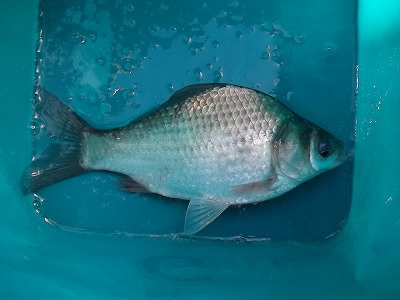 ひさしぶりの鮒釣りです。水の色が悪く期待できませんが、やってみました。小べらが1枚だけ釣れました。
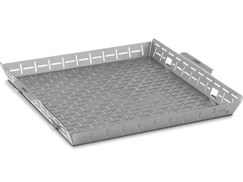Deze braadkorf met hoge wand is ideaal om o.a. vis en groenten in te bereiden. Het voorkomt dat groenten tussen de roosters valt en het patroon zorgt voor goede luchtcirculatie.
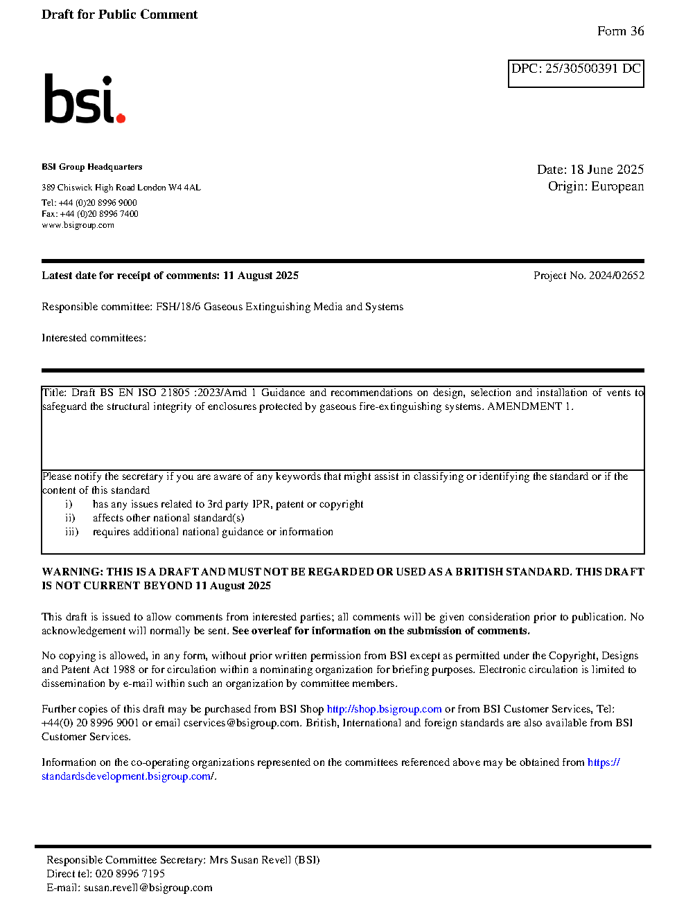 BS EN ISO 21805:2023/Amd 1 Guidance and recommendations on design, selection and installation of vents to safeguard the structural integrity of enclosures protected by gaseous fire-extinguishing systems. AMENDMENT 1
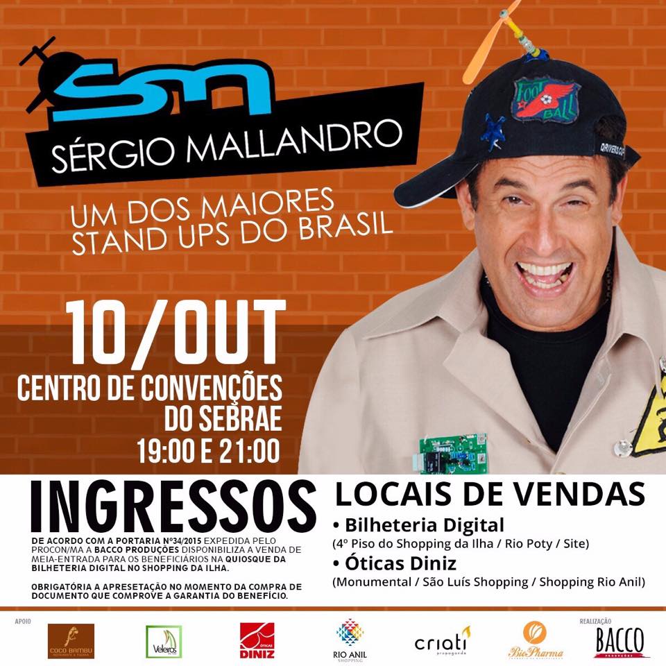 Com um recorde de bilheteria no eixo Rio/ São Paulo e um rápido tempo para desenvolver a comédia no palco, Sérgio Mallandro vem arrancando risos das plateias por onde passa com seu Stand Up Comedy. Não é só glu glu, yeah yeah, são histórias divertidas de situações inusitadas do seu cotidiano como artista. O Stand Up já foi assistido por mais de dois milhões de pessoas no Brasil, e chega no próximo dia 10 de outubro em São Luís, no Centro de Convenções Pedro Neiva de Santana, no Sebrae, e se apresentará em duas sessões, das 19 h e 21h.
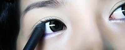 用黑色眼线笔描画一条黑色内眼线
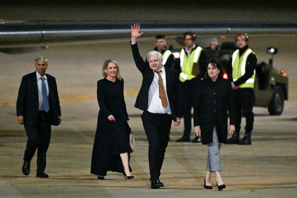 ونزل أسانج من طائرة خاصة في مطار كانبيرا بعد الساعة 7:30 مساء بقليل (1130 بتوقيت غرينتش)، وهو يلوح لوسائل الإعلام المنتظرة قبل أن يقبل زوجته ستيلا بلهفة ويرفعها عن الأرض.

▬▬▬▬▬▬

= What needs to be done =
Every entry, exactly as written: transcribe it, passing over any pictures.

= Expected output =
 ひさしぶりの鮒釣りです。水の色が悪く期待できませんが、やってみました。小べらが1枚だけ釣れました。
Deze braadkorf met hoge wand is ideaal om o.a. vis en groenten in te bereiden. Het voorkomt dat groenten tussen de roosters valt en het patroon zorgt voor goede luchtcirculatie.
 BS EN ISO 21805:2023/Amd 1 Guidance and recommendations on design, selection and installation of vents to safeguard the structural integrity of enclosures protected by gaseous fire-extinguishing systems. AMENDMENT 1
 Com um recorde de bilheteria no eixo Rio/ São Paulo e um rápido tempo para desenvolver a comédia no palco, Sérgio Mallandro vem arrancando risos das plateias por onde passa com seu Stand Up Comedy. Não é só glu glu, yeah yeah, são histórias divertidas de situações inusitadas do seu cotidiano como artista. O Stand Up já foi assistido por mais de dois milhões de pessoas no Brasil, e chega no próximo dia 10 de outubro em São Luís, no Centro de Convenções Pedro Neiva de Santana, no Sebrae, e se apresentará em duas sessões, das 19 h e 21h.
 用黑色眼线笔描画一条黑色内眼线
 ونزل أسانج من طائرة خاصة في مطار كانبيرا بعد الساعة 7:30 مساء بقليل (1130 بتوقيت غرينتش)، وهو يلوح لوسائل الإعلام المنتظرة قبل أن يقبل زوجته ستيلا بلهفة ويرفعها عن الأرض.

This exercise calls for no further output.